Пустые были, ни кусочка. Только тряпицы на дне. Тут, возле бочек, я и упала. Меня Наташка подобрала, скорую вызвала да Светлане вашей позвонила. Светлана тут же примчалась, денег привезла. Много денег. Возьми, говорит, тетя Галя, мне в газете премию большую дали, и забудь про все. Деньги я не взяла. Сама как каторжная работает, все пишет и пишет.

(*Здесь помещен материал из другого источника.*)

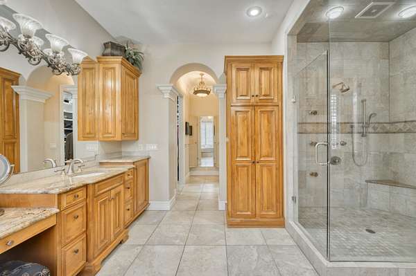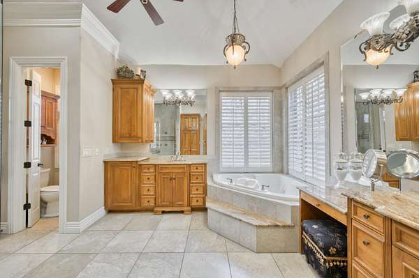 - Central Vacuum, Crown Molding, Granite Counters, High Ceilings, Intercom, Jetted Tub, Vaulted Ceiling(s), Walk-In Closet(s), Walk-In Shower, Wet Bar, Wired For Sound, w/ Hookup

Давай тогда она меня с того света по-другому тащить. Ты ли, это, говорит, тетя Галя? Нет, наверное, не ты. Как это, говорю, не я? Я это. Да нет, не похожа. Тетя Галя всю жизнь непокорная, умная, удалая, а ты из-за поросят жизни решиться хочешь! Чуть не померла! Да мыслимо ли это! На-ка зеркало, погляди на себя – губы синие, глаза провалились. Возьми деньги, прошу, они у меня случайные, не в счет. Не берешь? Ну ладно, я тебе все равно помереть не дам. На-ка вот настойку да бухлёр  выпей… Она, Светлана, меня и выходила. Она и за подругой своей года три ходила, когда та из окна выкинулась… А кто мое достояние спер, мне известно. Ну да ничё… Отольются кошке мышкины слезки. Господь-то все видит…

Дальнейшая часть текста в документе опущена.